_Exercise_
Any picture in the data below gets skipped; print all the rest exactly.

_Data extract_
######
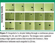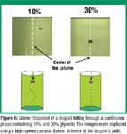 Images of the droplets falling through the stagnant liquid were captured using a high-speed CCD camera that records images at the rate of 500 frames/s. The camera was set to span the entire 3-in. width of the column, and the images were captured after the droplets had fallen approximately 25 cm. Figure 6 shows snapshots of droplets falling through 10% and 30% glycerin solution. From the detailed analysis of all the snapshots (34), one can see that the droplets change shape continuously as they fall. The droplets change from a horizontally elongated cap shape to an elliptical shape and then back to a cap shape. When a droplet fell through the 10% glycerin solution, it was observed to have both path and shape oscillations. The droplets were always released in the center of the column. In the case of the 10% solution, the droplet clearly has moved off center, moving from one side of the column to the other in a zig-zag fashion as it falls, as illustrated in the schematic drawing. Although not visible in the snapshots, this clearly indicates the existence of vortex shedding, as shown by many groups (24).
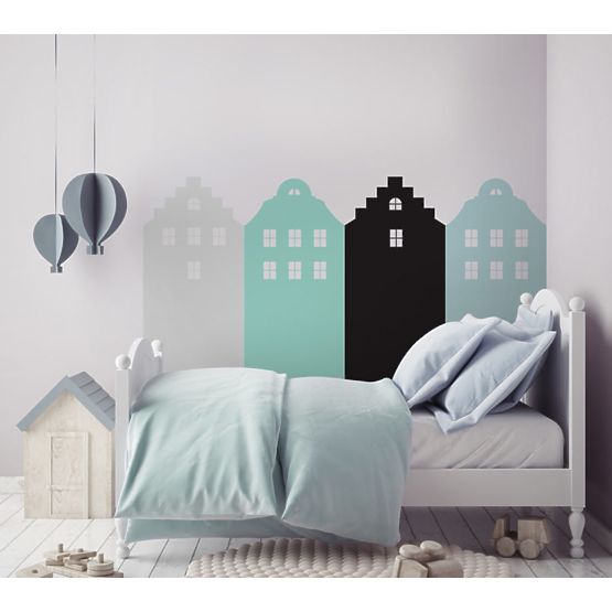 Schöne und einfallsreiche Dekoration an der Wand pokjíčku Kinder. Dekorationen dient auch als Schutzwände. Es gibt vier verschiedene Aufkleber in der Form des Hauses, die völlig unabhängig voneinander an die Wand geklebt werden kann und nach Ihren Vorstellungen. Der große Vorteil dieser Dekoration ist auch, dass die schwarz auf das Haus, Kinder eine klassische weiße Kreide zeichnen und damit ihre Fantasie entwickeln. Etiketten sind fest angestellt. Zur Aufrechterhaltung ist gelegentlich mit einem feuchten Tuch abwischen.
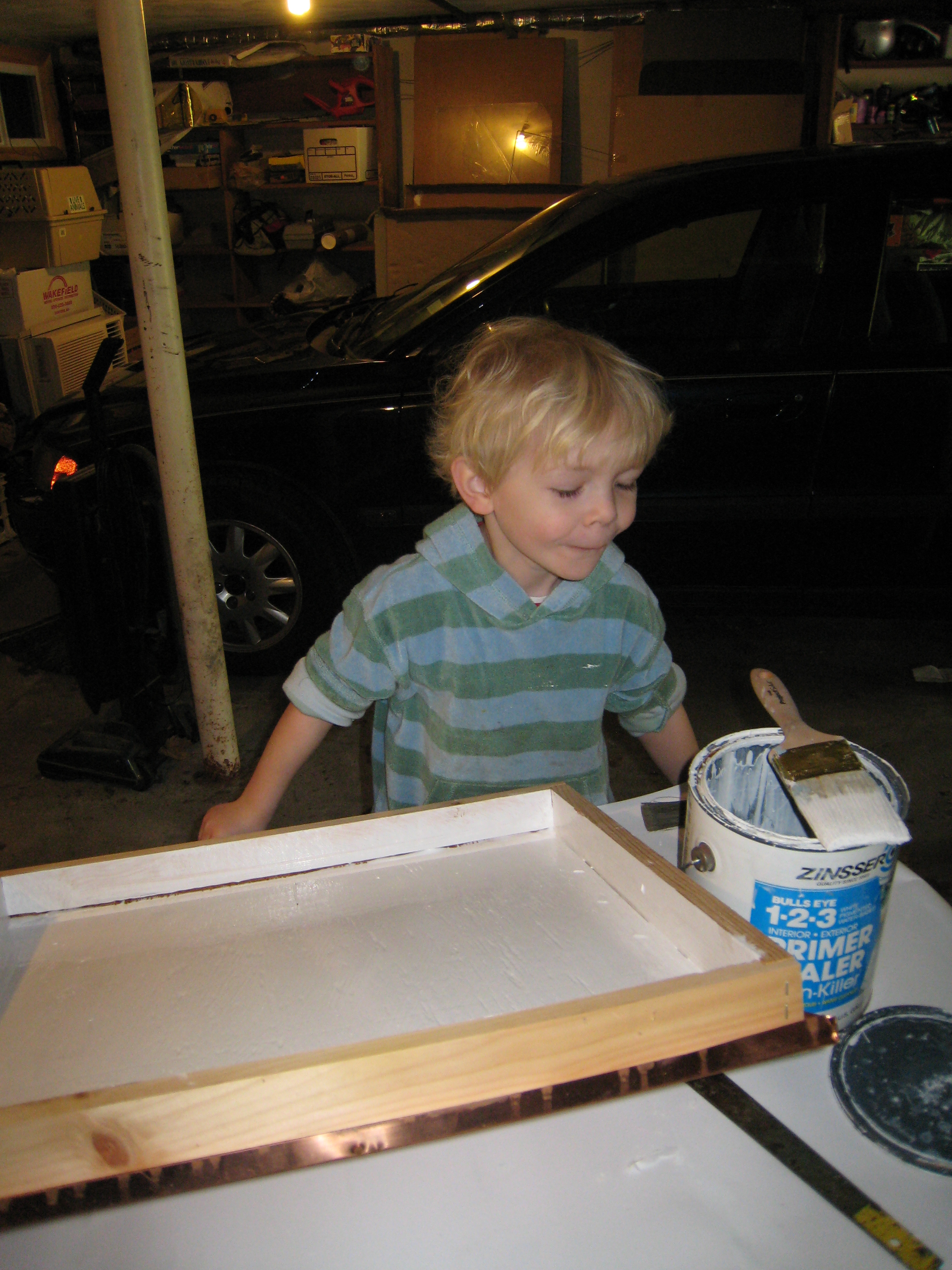 Cole painting beehives (04-10-2009 08:03)
######
_Response_
 Images of the droplets falling through the stagnant liquid were captured using a high-speed CCD camera that records images at the rate of 500 frames/s. The camera was set to span the entire 3-in. width of the column, and the images were captured after the droplets had fallen approximately 25 cm. Figure 6 shows snapshots of droplets falling through 10% and 30% glycerin solution. From the detailed analysis of all the snapshots (34), one can see that the droplets change shape continuously as they fall. The droplets change from a horizontally elongated cap shape to an elliptical shape and then back to a cap shape. When a droplet fell through the 10% glycerin solution, it was observed to have both path and shape oscillations. The droplets were always released in the center of the column. In the case of the 10% solution, the droplet clearly has moved off center, moving from one side of the column to the other in a zig-zag fashion as it falls, as illustrated in the schematic drawing. Although not visible in the snapshots, this clearly indicates the existence of vortex shedding, as shown by many groups (24).
 Schöne und einfallsreiche Dekoration an der Wand pokjíčku Kinder. Dekorationen dient auch als Schutzwände. Es gibt vier verschiedene Aufkleber in der Form des Hauses, die völlig unabhängig voneinander an die Wand geklebt werden kann und nach Ihren Vorstellungen. Der große Vorteil dieser Dekoration ist auch, dass die schwarz auf das Haus, Kinder eine klassische weiße Kreide zeichnen und damit ihre Fantasie entwickeln. Etiketten sind fest angestellt. Zur Aufrechterhaltung ist gelegentlich mit einem feuchten Tuch abwischen.
 Cole painting beehives (04-10-2009 08:03)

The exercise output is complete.